The arch over Wembley Stadium, London. Photo by Jonmolo – Wikimedia Commons

Often seen even from the air when flying, the huge 134 meters tall Wembley Arch is a landmark for the City of London. 

The circular section lattice arch supports 100% of the roof on the north side and 60% of the retractable roof on the south side holding more than 75% of the weight of the whole roof. 

The arch has an internal diameter of 7 meters (23 feet), a total span of 315 meters (1,033 feet), and reaches a total height of 133 meters (436 feet). It is the world’s longest unsupported roof structure. 

7. Concerts 

The stadium is often used for concerts by famous artists from all around the world. 

Artists like Madonna, Eminem, Taylor Swift, Beyoncé, Adele, Elton John, the Spice Girls, and many more have all performed at Wembley. 

Adele’s concert in June 2017 had 98,000 people. That was the highest attendance ever in the stadium. 

8. Hosting Other Games 

Wembley Stadium.  Photo By Jbmg40 – Wikimedia Commons

Apart from football matches and concerts, the stadium is also used for other sporting activities like rugby and American Football.

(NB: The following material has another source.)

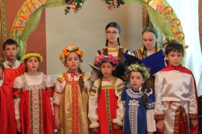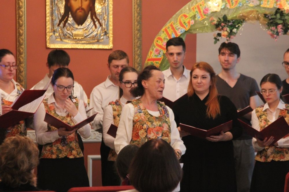 Вечер продолжился концертными номерами. Их представили ученики православной гимназии г. Владивостока, вокальная группа воскресной школы «Буквица» храма в честь Порт-Артурской иконы Божией Матери г. Владивостока, хор Покровского кафедрального собора под руководством регента Людмилы Макаренко. Елена и Роман Косминовы из воскресной школы храма Богоявления г. Артема предложили литературную композицию о трудах святых Кирилла и Мефодия.

Wembley also played host to Race of Champions. Drivers from Formula One, World Rally Championship, and NASCAR competed around the purpose-built circuit in identical cars. 

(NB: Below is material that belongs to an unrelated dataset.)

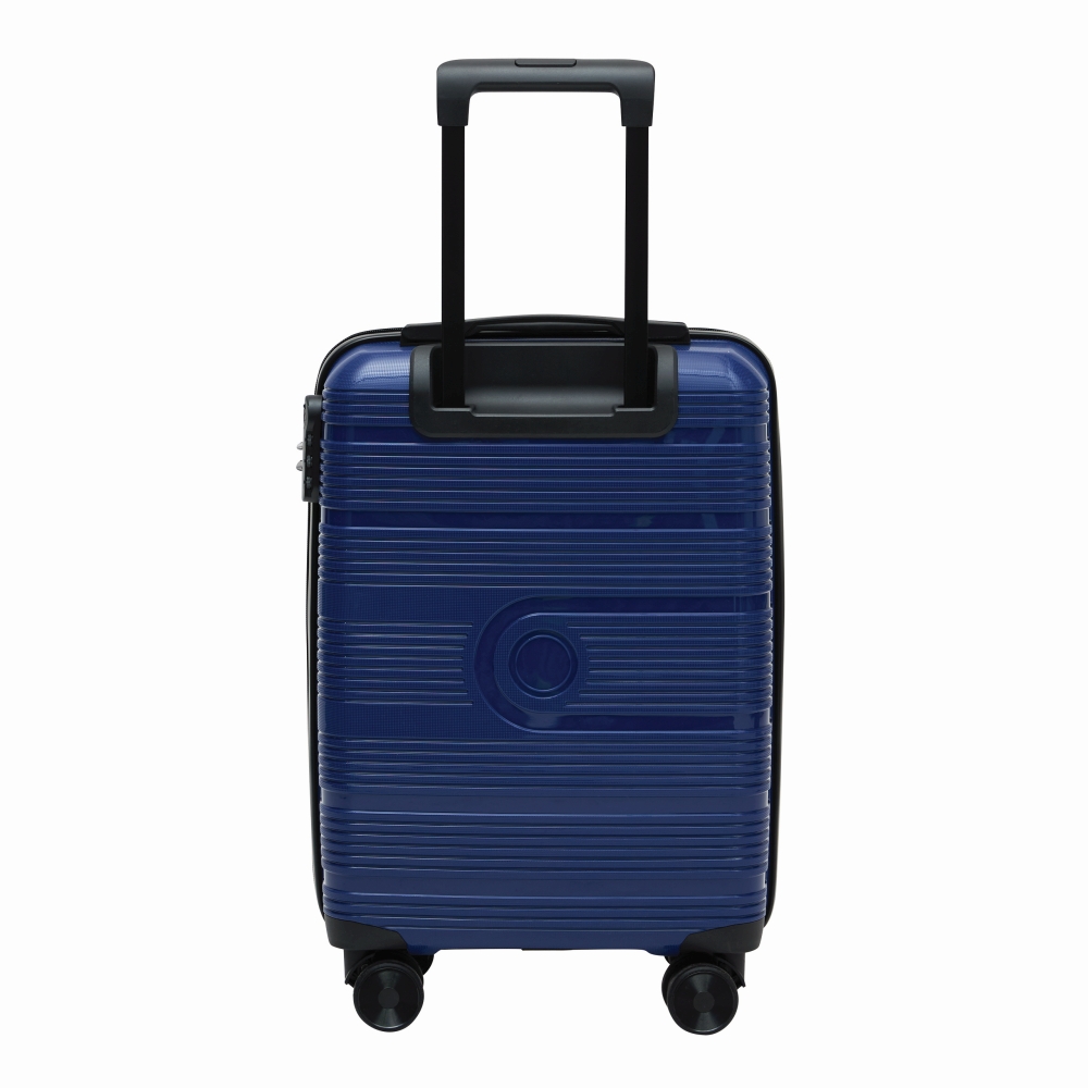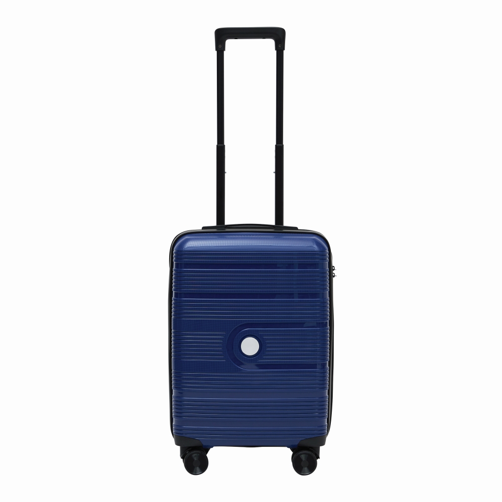 Kabinový kolečkový kufr vyroben ze zvláště odolného materiálu, balení na obou úrovních, se síťovanou kapsou na zip a elastickým balicím popruhem, teleskopické madlo s uzamykatelnou polohou pro chůzi, madlo na přenášení, 4 zdvojená kolečka s hladkým chodem 360°, vyměnitelné kovový štítek s logem vpředu, kombinační zámek; velikost odpovídající rozměrům pro kabinová zavazadla nízkonákladových aerolinek. Rozměry: cca 55 x 37 x 20 cm

Boxing is another sport that is often hosted at Wembley Stadium. A good example is the heavy-weight championship fight between Anthony Joshua and Wladimir Klitschko that was held in April 2017.

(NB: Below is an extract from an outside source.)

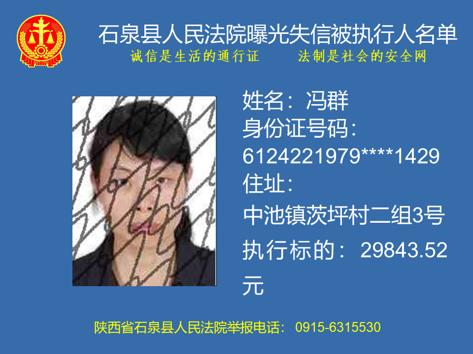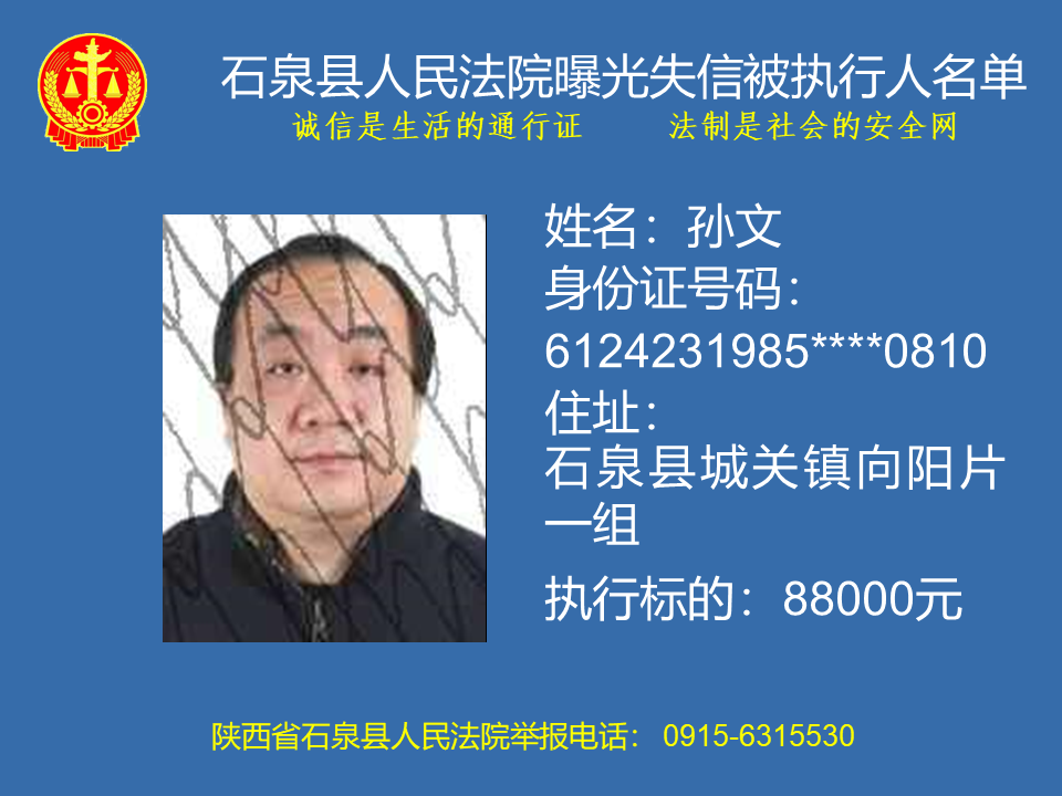 為了進(jìn)一步加大執(zhí)行力度,保障勝訴當(dāng)事人的合法權(quán)益,推進(jìn)社會(huì)誠信體系建設(shè),依照《中華人民共和國民事訴訟法》、《最高人民法院關(guān)于公布失信被執(zhí)行人名單信息的若干規(guī)定》等法律、司法解釋的有關(guān)規(guī)定,現(xiàn)對一批已進(jìn)入執(zhí)行程序,且尚未全部履行義務(wù)的被執(zhí)行人進(jìn)行媒體曝光,歡迎廣大群眾支持石泉縣人民法院的工作,向我院提供被執(zhí)行人的財(cái)產(chǎn)線索,使生效法律文書能夠得到切實(shí)執(zhí)行,讓人民群眾切實(shí)感受到公平正義就在身邊。

During this game, approximately 90,000 boxing fans saw Joshua beat Klitschko after a Technical Knockout, an absolute record of attendance for a boxing match.

9. The Stadium’s Roof 

The roof of the Wembley stadium covers a total area of 40,000 square meters (430,000 square feet) but doesn’t cover the pitch. Of this, about 13,722 square meters (147,700 square feet) are movable. 

The partially-retractable roof sits 52 meters above the playground. The roof on the east, south, and west can be moved forward and backward to add or reduce the shade. This allows more sunlight onto the playing surface to help preserve and maintain the condition of the pitch.  

Even though the roof does not completely close, it does cover every seat in the stadium protecting the spectators from the elements. This fact makes Wembley the largest fully covered stadium in the world. 

10. The Statue 

Bobby Moore Statue outside Wembley Stadium. Photo By Ronnie Macdonald – Wikimedia Commons

A twice-life-size bronze statue of Bobby Moore that stands at 20 feet welcomes visitors to the stadium. Bobby was the legendary captain of the English National Football Team in 1966 when the team won the FIFA World Cup 1966.   

Standing outside the entrance and looking over spectators as they walk down Wembley Way into the stadium, the statue was unveiled as the “finishing touch” on 11th May 2007 a week before the official opening of the New Wembley Stadium. 

Unveiled fourteen years after Moore’s death from cancer at the age of 51 years, the statue was revealed by Sir Bobby Charlton who was a member of the England team that won the World Cup.